Re: How do I optimize filter coefficient bit length and signal bitlength?
On May 20, 3:04 pm, "From Sweden" <s...@sw.se> wrote:
> Hello all
>
> I have made an 8 channel 500kHz low pass IIR-filter in VHDL. The filter uses
> 32 bits for it's coefficients and 32 bits for it's internal signals.
>
> The filter doesn't give the same DC-gain for small vs. large input signals.
> I suspect the internal truncation of the intermediate sums and states
> effects this.
>
> But today I thought about increasing the bits for the signal and decreasing
> the bits for the coefficients. I tried it out and the filter gave better
> gain over different input signal levels.
>
> Now I wonder how I should optimize the coefficient and signal bit lengths to
> get the best result?
32 bits oughta be enough for nearly any application. a quantization
error of 1 part outa 4 bizillion? i mean, holy crap!!!

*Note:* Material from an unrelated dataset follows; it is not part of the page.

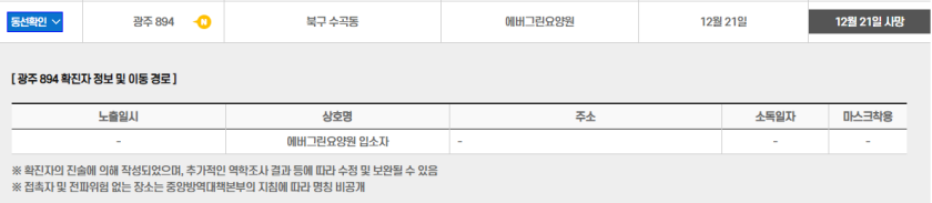 ◆ 에버그린요양원 집단감염은 요양보호사인 광주885번이 어제 아침 확진 판정을 받은 후, 요양원 환자와 직원 전수검사 과정에서 확인됐습니다. 광주885번은 앞서 확진 판정을 받은 광주868번(지인)과 접촉했고, 감염경로는 현재 조사 중입니다. 우리시는 오늘 요양원에 대한 현장 위험도 평가 후 요양원에 남아있는 환자 이송‧전원, 코호트 및 자가격리, 환자 재배치 등의 사항을 결정할 예정입니다.

the consequences of quantizing coefficients is different from
quantizing the signal (or some internal intermediate signal).

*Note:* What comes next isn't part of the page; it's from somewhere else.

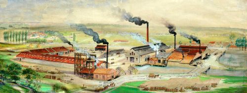 Ce document représente l'usine Lambiotte de Demeurs en 1900. En réalité, il s'agit d'une aquarelle (160x59 cm) qui est installée dans la salle des fêtes de la mairie de Prémery suite à un don des Établissements Lambiotte . En ce qui concerne la topographie des lieux, remarquez que les distances entre bâtiments ne sont pas toujours respectées. Ainsi l'ancienne caserne d'ouvriers, (au centre), se trouve bien éloignée de la salle des fêtes , l’ancienne clouterie du temps de Babaud de la Chaussade . Ce tableau a certainement été peint à distance d'après plusieurs croquis. Le nombre important de stères de bois installés au premier plan et les cinq cheminées crachant des fumées noires nous montrent à quel point l'activité de cette usine était importante. En effet, on y fabriquait le charbon de bois et on envoyait les produits chimiques dérivés du bois à l'usine de Prémery pour affinage. (acétates et pyrolignites, méthylène, acide acétique, acétone, créosote, formol). C'est en 1891 que l'entreprise Lambiotte-Frères de Prémery acquiert les bâtiments de Demeurs dans le cadre d'une vente aux enchères publiques et y installe un complexe de distillation du bois. Une centaine d'ouvriers y travaillaient en 1912 ! L'usine est revendue en 1939 et après la deuxième guerre mondiale, le site a été occupé successivement, par une scierie, une fonderie de métaux cuivreux et ensuite par un groupe de sociétés du bâtiment, dont l'entreprise Parrotta, puis actuellement par la société NTB.

quantizing coefficients means that the filter you get is not precisely
the one that you designed. the poles and zeros didn't go exactly to
where you wanted them to go. but with 32-bits it should easily be
close enough. how the coefs map to the poles and zeros depends on the
filter topology. what topology are you using? Direct Form 1 or
Direct Form 2 or Lattice or Normalized Ladder or some other? (i think
there is a Gold-Rader form, there's a bunch of them, some of which
have an internal All-pass filter that the rest of the thing is built
around. i am a partisan for the Direct Form 1 in fixed-point
applications.) what you do, is solve for the pole and zero loci as a
function of the coefs (that get quantized) and see what effect the
coef quantization has on the pole/zero locus. but dividing each of
two dimensions of the unit circle up into 4 bizillion slices should be
more than good enough.
consequences of quantizing the signal can range from a additive noise
model (if the signal amplitude is much, much larger than the
quantization level) to all sorts of nasties (harmonic distortion,
limit cycles). triangular PDF additive dither of 2 LSB amplitude is
sufficient to get rid of that stuff. i would think that at 32 bits,
simple 1st-order noise shaping (with a zero at DC) would suffice if
you got 32 bit words (no dither necessary). this particular error or
noise shaping requires one extra state in the DF1 and has been called
"fraction saving" and Randy Yates has written about it recently in the
IEEE Sig Proc magazine.
really, 32 bit words oughta be good enough.
r b-j
|